* _Brief_: An exact copy of all the data below is needed, without its pictures.

* _Data excerpt_:

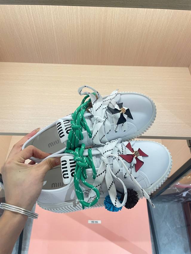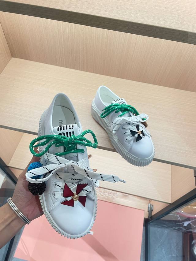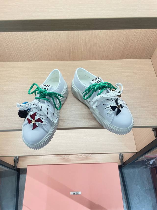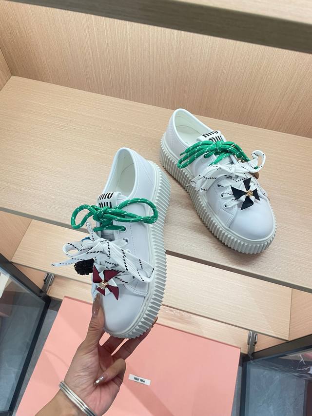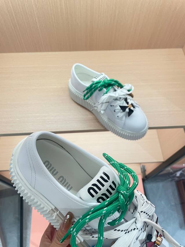 工厂p价 女装女鞋 运动原单 Miumiu25秋冬新款厚底饼干鞋小白鞋
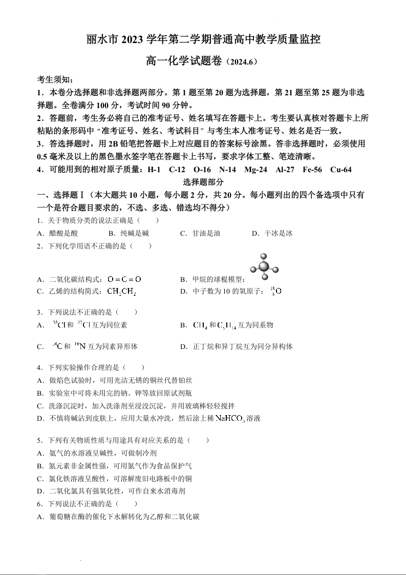 浙江省丽水市2023-2024学年高一下学期期末考试化学+答案
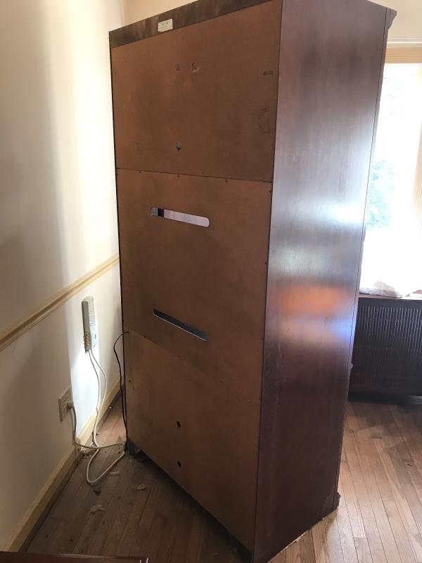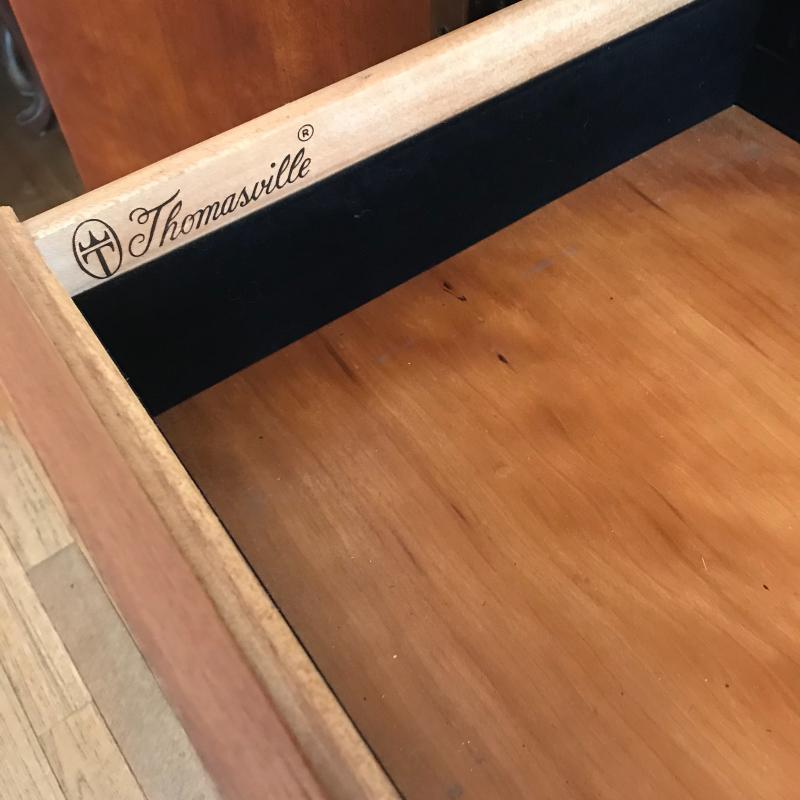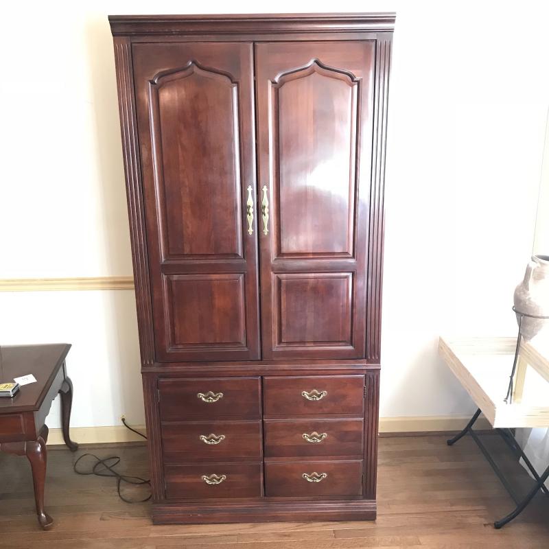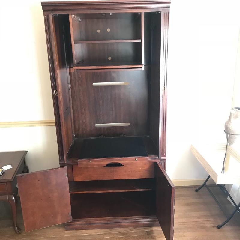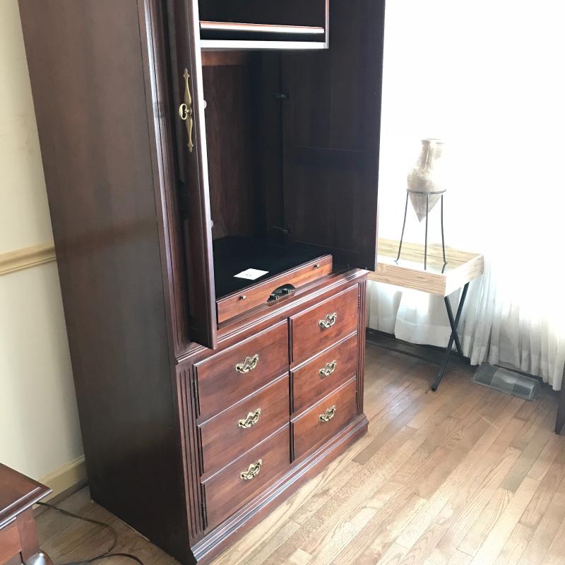 Solid Thomasville entertainment center. Has two slide out shelves and a dual plug-in unit on top and two-door cabinet with one drawer on bottom. Piece measures 38” x 22.5” x 80”. This lot is on main level of home but is heavy and you will need to bring help to load it. Available for local pick up in Flat Rock, NC only.

* _Output for this task_:
 工厂p价 女装女鞋 运动原单 Miumiu25秋冬新款厚底饼干鞋小白鞋
 浙江省丽水市2023-2024学年高一下学期期末考试化学+答案
 Solid Thomasville entertainment center. Has two slide out shelves and a dual plug-in unit on top and two-door cabinet with one drawer on bottom. Piece measures 38” x 22.5” x 80”. This lot is on main level of home but is heavy and you will need to bring help to load it. Available for local pick up in Flat Rock, NC only.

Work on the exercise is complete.